Leasing – Auf das Kleingedruckte achten
Ein neues Auto ist teuer, selbst bei einem gebrauchten Modell werden schnell mal ein paar Tausend Euro fällig. Wenn man nicht gerade als Manager arbeitet, muss eine solche Anschaffung wohlüberlegt sein. In den meisten Fällen müssen Familien jahrelang sparen, um sich ein neues Auto leisten zu können. Die Alternative zum Neukauf ist ein Leasing in Anspruch zu nehmen. Leasing stellt somit eine mögliche Finanzierungsvariante für Geringverdiener dar. Das Prinzip ist recht einfach: Dem Kunden wird das Auto gegen Zahlung eines bestimmten – vorher festgelegten – Betrags zur Nutzung zur Verfügung gestellt.
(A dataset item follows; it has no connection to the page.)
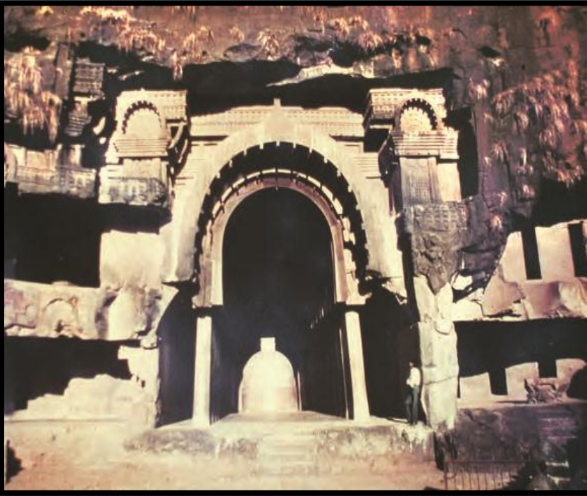
कार्ले इत्यस्य गुहा, महाराष्ट्रम्

तीर्थयात्रिणः ते स्त्रीपुरुषाः भवन्ति, ये प्रार्थनायाः कृते पवित्रस्थानानां यात्रां कुर्वन्ति ।

Hierbei unterscheidet man direkte und indirekte Verfahren. Bei der indirekten Methode fungiert ein privates Finanzinstitut als Leasinggeber, während bei der direkten Option das Autohaus selbst als Geber des Leasings dient.
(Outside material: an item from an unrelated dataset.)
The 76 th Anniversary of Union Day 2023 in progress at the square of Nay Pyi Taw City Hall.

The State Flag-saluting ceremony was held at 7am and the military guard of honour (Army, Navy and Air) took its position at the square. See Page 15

Die Vorteile eines Leasings gegenüber eines Neukaufs liegen klar auf der Hand. Zum Einen wird die Liquidität geschont, statt eines großen einmaligen Geldbetrags werden monatliche Beträge vom Konto abgebucht oder überwiesen. Auch sind in der Regel keinerlei finanziellen Vorleistungen beispielsweise Anzahlungen nötig.
Aber die Methode weist durchaus auch Nachteile auf. Der Leasingnehmer erwirbt kein Eigentum und kann das Auto dementsprechend auch nicht verkaufen, wenn das Geld mal knapp sein sollte. Selbst am Ende der Vertragslaufzeit gehört dem Leasingnehmer das Auto noch nicht. Außerdem sind die Gesamtkosten deutlich höher, als wenn man das Auto über einen Kredit finanzieren würde. Für Kurzentschlossene ist ein Leasingangebot ebenfalls nicht interessant, da die Vertragslaufzeiten meist über einen längeren Zeitraum gehen. Der Kunde ist an diese vertraglich vereinbarte Zeit gebunden, selbst, wenn das Auto ungenutzt bleibt, also beispielsweise längere Zeit in der Garage steht.
Vor Abschluss eines entsprechenden Vertrages sollten alle Details ausführlich besprochen werden. Etwa ob das Auto nach Vertragsende vom Händler zurückgenommen wird – ungeachtet möglicher Schrammen und Macken, oder welche Summe bei einem Unfallschaden fällig wird. Oftmals wird in so einem Fall nämlich nur der Zeitwert ersetzt.